### Exercise instructions
Below are entries to reproduce exactly, apart from their pictures.

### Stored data
------------------------------
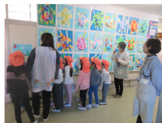
作品展を見て感動して帰った保育園・幼稚園の子どもたち

また、作品展にもたくさんの方々においでいただきました。「ひらめき キラリ ドリームオーシャンストーリー」をテーマに、和田小全体を大きな海に見立てて1年生から6年生までが作品づくりを工夫しました。22日(土)は一昨年の作品展に引き続き作品展ガイドを行いました。ご覧いただいた皆さん、CS委員の皆さんから大好評でした。和田小の子どもたちが、これからの社会で必要なプレゼンテーション能力やコミュニケーション能力を身に付けていて頼もしく思いますとのうれしい感想をいただきました。来年度の和田小でも子どもたちがかわりの中から学んでいくような授業を工夫していきます。
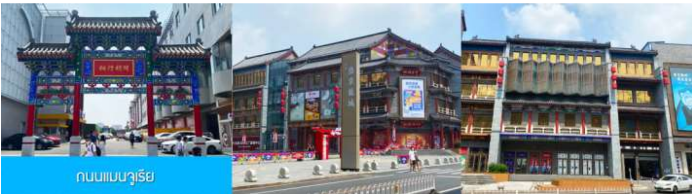
ถนนแมนจูเรีย
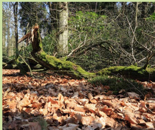
De leembossen bij Velder • RUUD VAN NOOIJEN

In Oirschot, aan De Beerze, verwierven we bijna 25 hectare grond, zowel op de grens met de Kampina (bij De Logt) als net bovenstrooms aan de Spoordonkse watermolen. Samen met de Brabantse Molenstichting, gemeente Oirschot en Waterschap De Dommel realiseren we daar de komende jaren een watermolenlandschap met een zeer hoge biodiversiteit.
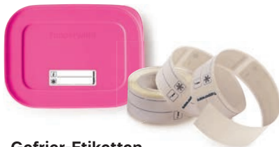
Gefrier-Etiketten 100 Etiketten zum Notieren von Datum und Inhalt. Je 5,1 x 1,7 cm E 33 € 3,50 ★4 2
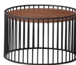
Abita style MYT0738BD
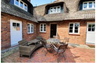
Der schöne Sitzplatz.
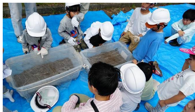
【見つかったカブトムシはいったんケースに仮入れ】・・・触りたくてしかたない
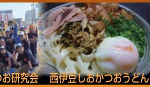
西伊豆しおかつうどん
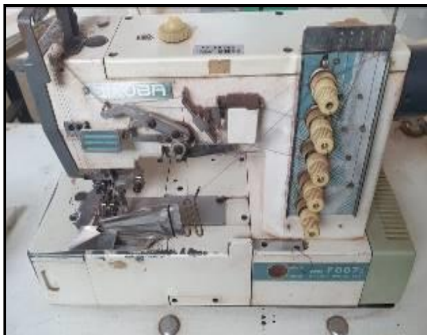
Item 49: Maquina Galoneira Siruba com trançador
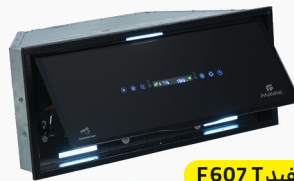
سفید F607 T
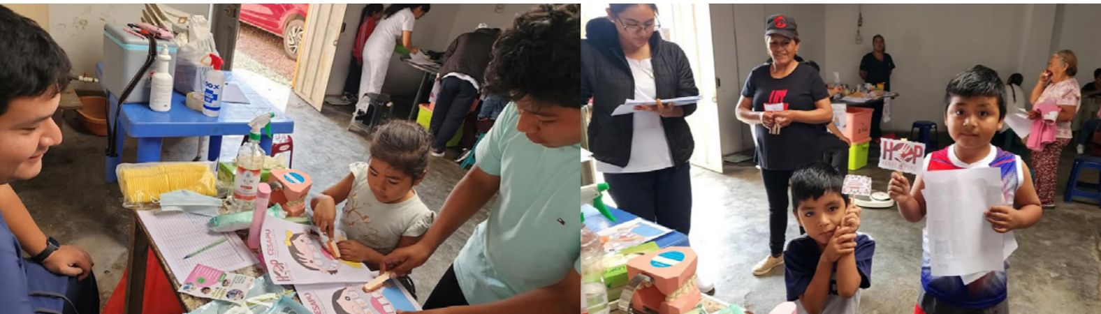
Campaña de salud comunitaria en Huanchaco, Trujillo.

La salud infantil influye directamente en la capacidad de niños y niñas para aprender y desarrollarse plenamente. Complementamos nuestras iniciativas educativas con programas de cuidado preventivo, desarrollo en primera infancia, nutrición, prevención del dengue y manejo de residuos, especialmente en comunidades con acceso limitado a servicios básicos de salud.
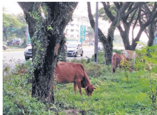
Tindakan pemilik melepaskan ternakan mereka meragut rumput di tepi lebuhraya mengancam nyawa pengguna.

“Harap pemilik ternakan lebih bertanggungjawab supaya tiada nyawa tidak berdosa melayang disebabkan sikap mereka ini,” katanya.
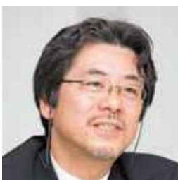
国際交流基金 日米センター 所長 Executive Director, The Japan Foundation Center for Global Partnership

一つの交流プログラムが継続実施されていく背後には、多くの関係者の熱意とご協力、そして献身があります。JOIプログラムもその例外ではありません。15周年の節目に、これまでJOIのアドバイザー、派遣先のスーパーバイザーとしてご尽力いただいた方々に、あらためて御礼を申し上げたいと思います。また、共催団体である米国ローラシアン協会、そして、JOI派遣先を管轄地とする日本の在外公館並びに外務本省関係者の方々にも、謝意を表させていただきます。そしてこのJOIの核であり、日米地域・草の根交流の直接的な担い手となって活躍いただいた、第1期から現在派遣中の第15期までのコーディネーターの皆様一人一人に対し、主催団体としての御礼の言葉を申し上げます。JOIプログラムが今後更に発展を続け、日米地域・草の根交流と相互理解の進展に資するよう、日米センターは努力してまいります。引き続き、各方面からのご指導、ご鞭撻をお願い申し上げます。
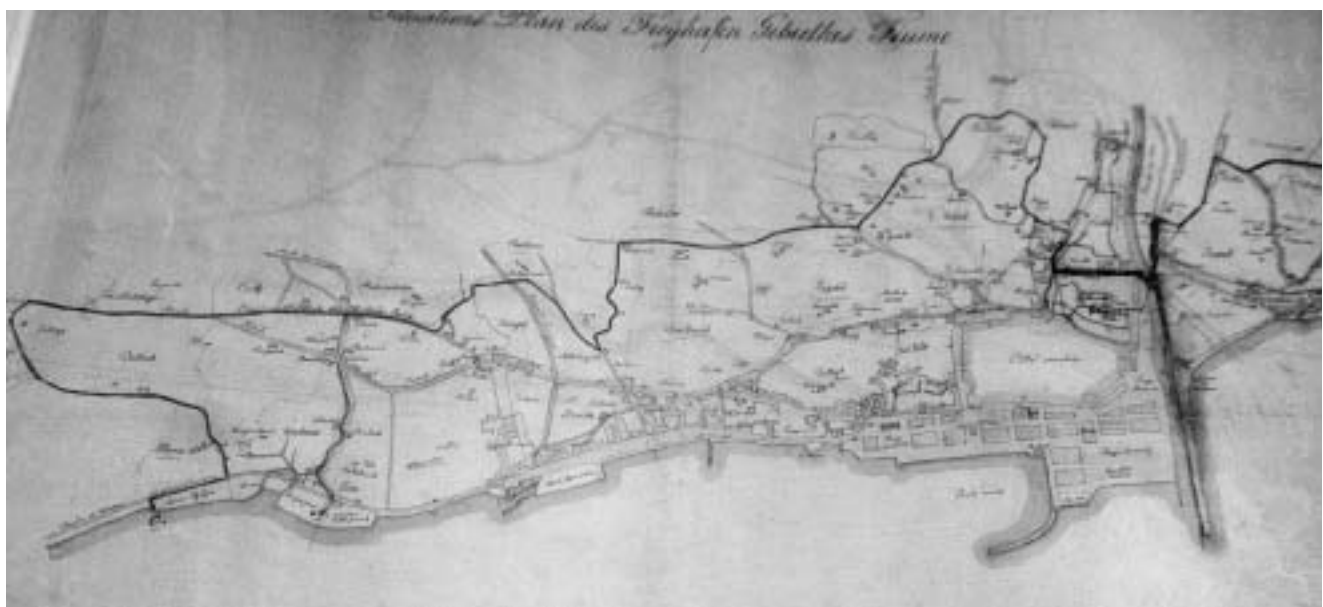
Topografski plan Rijeke, 1888. (Rijeka, Povijesni arhiv).
------------------------------
### Worked solution
作品展を見て感動して帰った保育園・幼稚園の子どもたち

また、作品展にもたくさんの方々においでいただきました。「ひらめき キラリ ドリームオーシャンストーリー」をテーマに、和田小全体を大きな海に見立てて1年生から6年生までが作品づくりを工夫しました。22日(土)は一昨年の作品展に引き続き作品展ガイドを行いました。ご覧いただいた皆さん、CS委員の皆さんから大好評でした。和田小の子どもたちが、これからの社会で必要なプレゼンテーション能力やコミュニケーション能力を身に付けていて頼もしく思いますとのうれしい感想をいただきました。来年度の和田小でも子どもたちがかわりの中から学んでいくような授業を工夫していきます。
ถนนแมนจูเรีย
De leembossen bij Velder • RUUD VAN NOOIJEN

In Oirschot, aan De Beerze, verwierven we bijna 25 hectare grond, zowel op de grens met de Kampina (bij De Logt) als net bovenstrooms aan de Spoordonkse watermolen. Samen met de Brabantse Molenstichting, gemeente Oirschot en Waterschap De Dommel realiseren we daar de komende jaren een watermolenlandschap met een zeer hoge biodiversiteit.
Gefrier-Etiketten 100 Etiketten zum Notieren von Datum und Inhalt. Je 5,1 x 1,7 cm E 33 € 3,50 ★4 2
Abita style MYT0738BD
Der schöne Sitzplatz.
【見つかったカブトムシはいったんケースに仮入れ】・・・触りたくてしかたない
西伊豆しおかつうどん
Item 49: Maquina Galoneira Siruba com trançador
سفید F607 T
Campaña de salud comunitaria en Huanchaco, Trujillo.

La salud infantil influye directamente en la capacidad de niños y niñas para aprender y desarrollarse plenamente. Complementamos nuestras iniciativas educativas con programas de cuidado preventivo, desarrollo en primera infancia, nutrición, prevención del dengue y manejo de residuos, especialmente en comunidades con acceso limitado a servicios básicos de salud.
Tindakan pemilik melepaskan ternakan mereka meragut rumput di tepi lebuhraya mengancam nyawa pengguna.

“Harap pemilik ternakan lebih bertanggungjawab supaya tiada nyawa tidak berdosa melayang disebabkan sikap mereka ini,” katanya.
国際交流基金 日米センター 所長 Executive Director, The Japan Foundation Center for Global Partnership

一つの交流プログラムが継続実施されていく背後には、多くの関係者の熱意とご協力、そして献身があります。JOIプログラムもその例外ではありません。15周年の節目に、これまでJOIのアドバイザー、派遣先のスーパーバイザーとしてご尽力いただいた方々に、あらためて御礼を申し上げたいと思います。また、共催団体である米国ローラシアン協会、そして、JOI派遣先を管轄地とする日本の在外公館並びに外務本省関係者の方々にも、謝意を表させていただきます。そしてこのJOIの核であり、日米地域・草の根交流の直接的な担い手となって活躍いただいた、第1期から現在派遣中の第15期までのコーディネーターの皆様一人一人に対し、主催団体としての御礼の言葉を申し上げます。JOIプログラムが今後更に発展を続け、日米地域・草の根交流と相互理解の進展に資するよう、日米センターは努力してまいります。引き続き、各方面からのご指導、ご鞭撻をお願い申し上げます。
Topografski plan Rijeke, 1888. (Rijeka, Povijesni arhiv).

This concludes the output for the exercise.